**Stored data:**

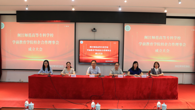 为进一步推进产教融合、深化校(园)企合作,充分发挥“双主体”育人模式的优势,推进职业教育改革创新,9月28日上午,我校于旗山校区2018教室召开学前教育学院校企合作理事会成立大会。副校长陈强、学前教育学院党委书记吴春艳、院长林毓君、副院长陈闽光、各校企合作单位负责人、学院师生代表到场参加。本次大会由副院长王丹丹主持。
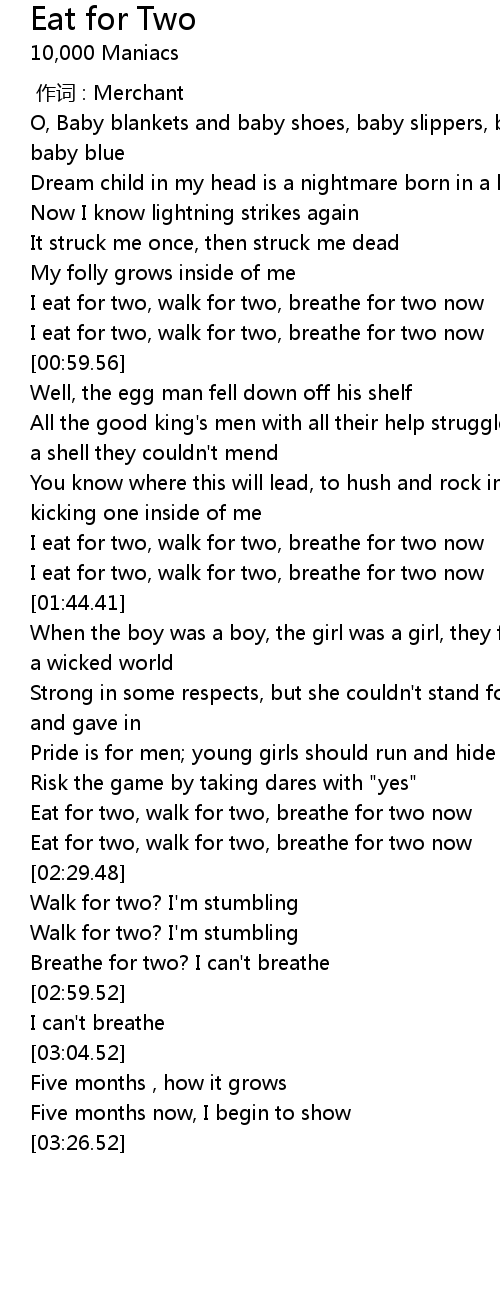 | [00:53.68] | I eat for two, walk for two, breathe for two now |
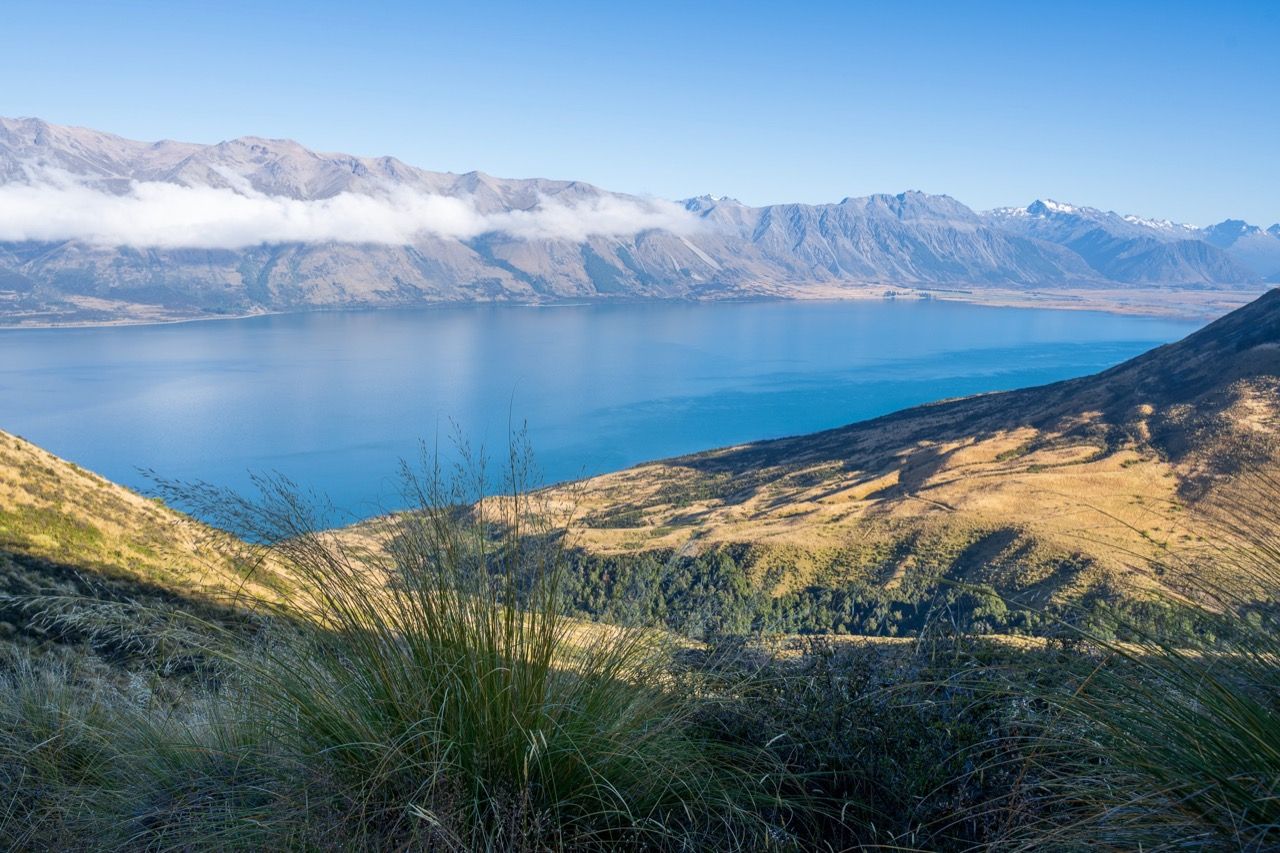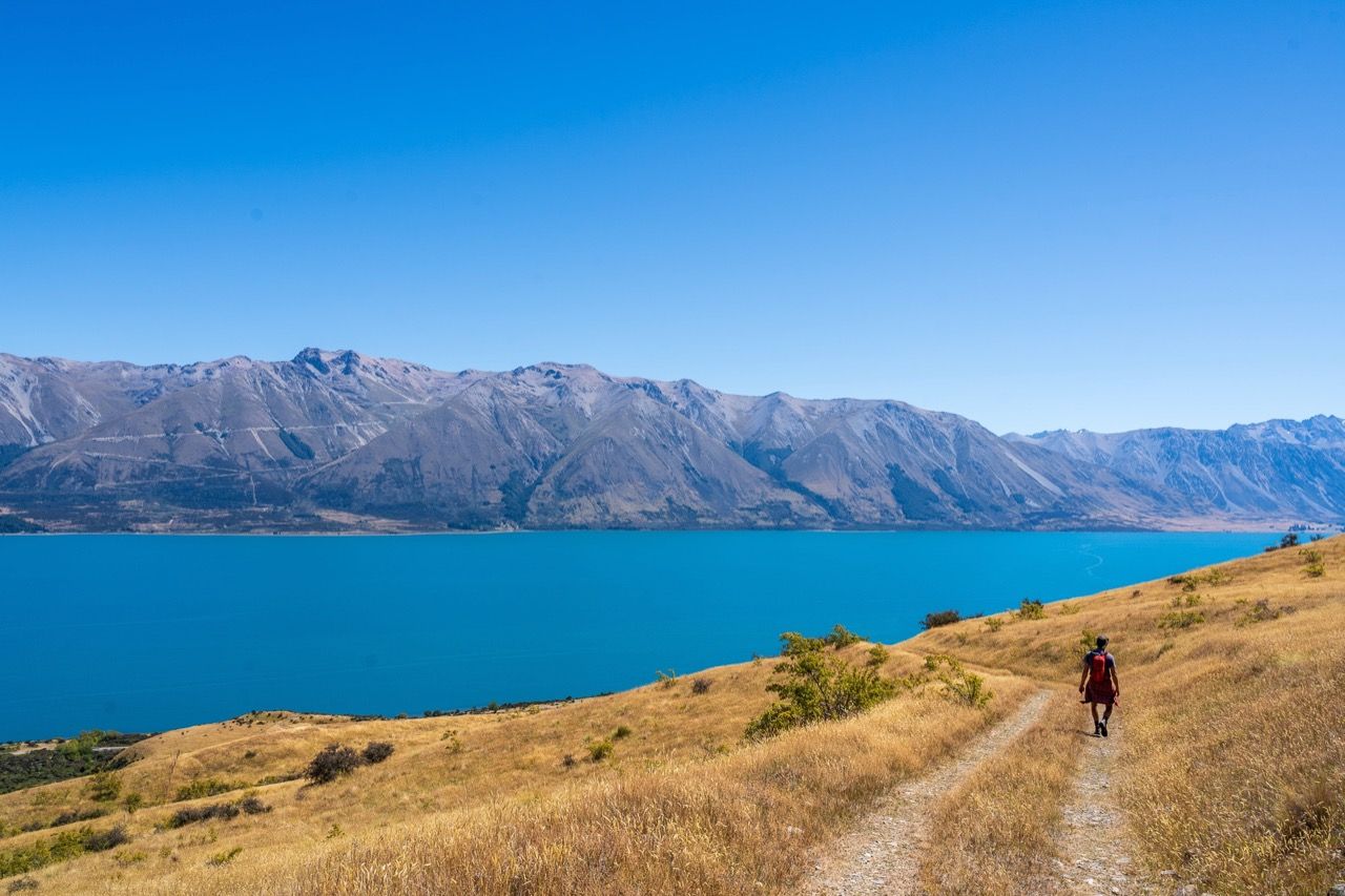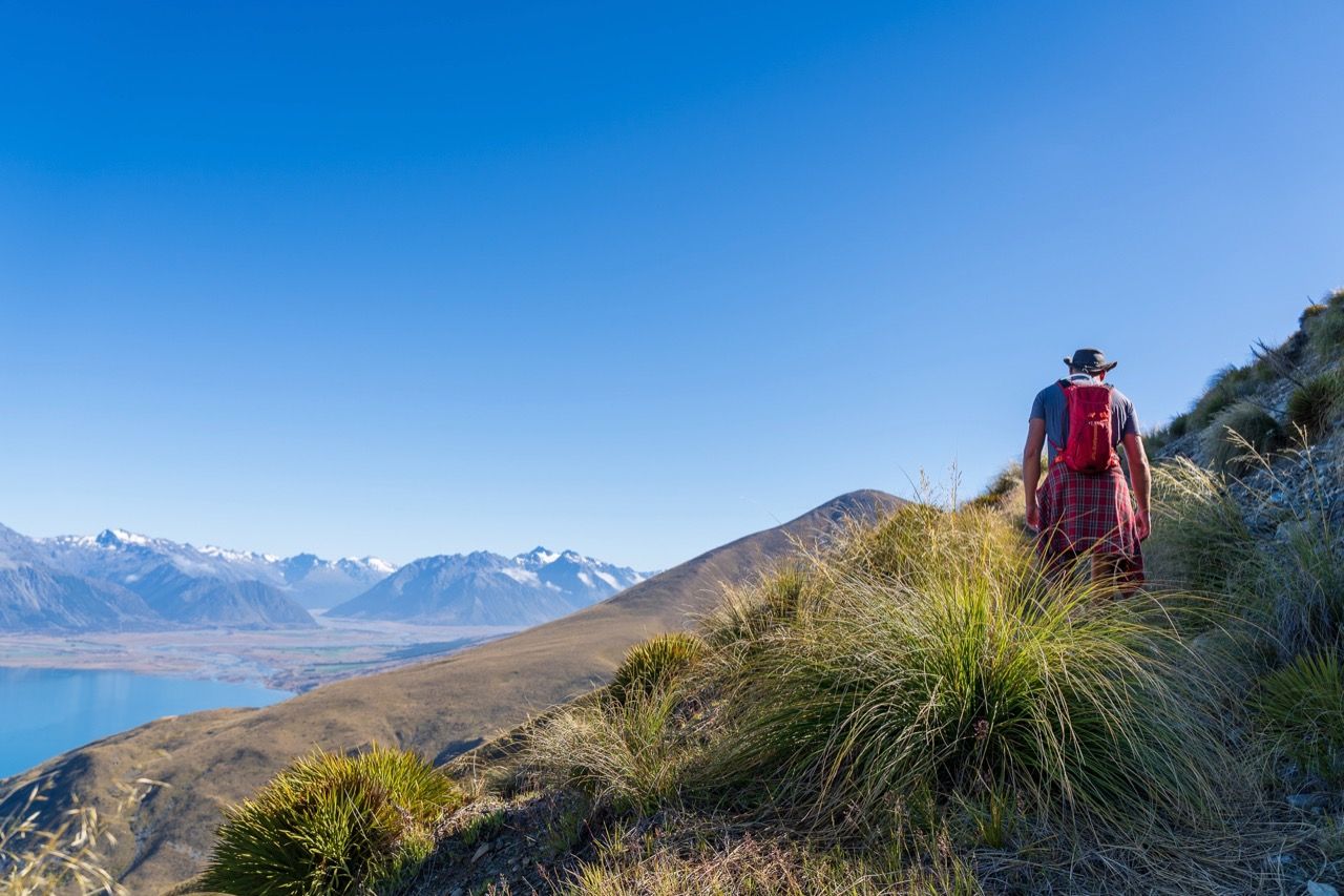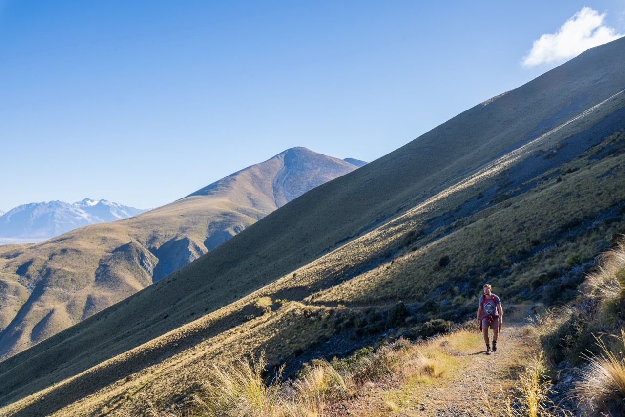 The trailhead is located approximately 22 kilometres from Twizel township, along Glen Lyon Road on the north side of Lake Ōhau. Starting from the car park, you immediately pass an old derelict musterer’s hut from the 1890s called Back Hut. From there, it’s a five-kilometre climb up the western flank of Ben Ōhau/Ruataniwha Peak. To find the true summit at 1522m, you will need to deviate from the trail and pick your own trail to the top.

**Task details:** Write out the listing above again, exactly, but with no pictures in the copy.

**Exercise result:**
 为进一步推进产教融合、深化校(园)企合作,充分发挥“双主体”育人模式的优势,推进职业教育改革创新,9月28日上午,我校于旗山校区2018教室召开学前教育学院校企合作理事会成立大会。副校长陈强、学前教育学院党委书记吴春艳、院长林毓君、副院长陈闽光、各校企合作单位负责人、学院师生代表到场参加。本次大会由副院长王丹丹主持。
 | [00:53.68] | I eat for two, walk for two, breathe for two now |
 The trailhead is located approximately 22 kilometres from Twizel township, along Glen Lyon Road on the north side of Lake Ōhau. Starting from the car park, you immediately pass an old derelict musterer’s hut from the 1890s called Back Hut. From there, it’s a five-kilometre climb up the western flank of Ben Ōhau/Ruataniwha Peak. To find the true summit at 1522m, you will need to deviate from the trail and pick your own trail to the top.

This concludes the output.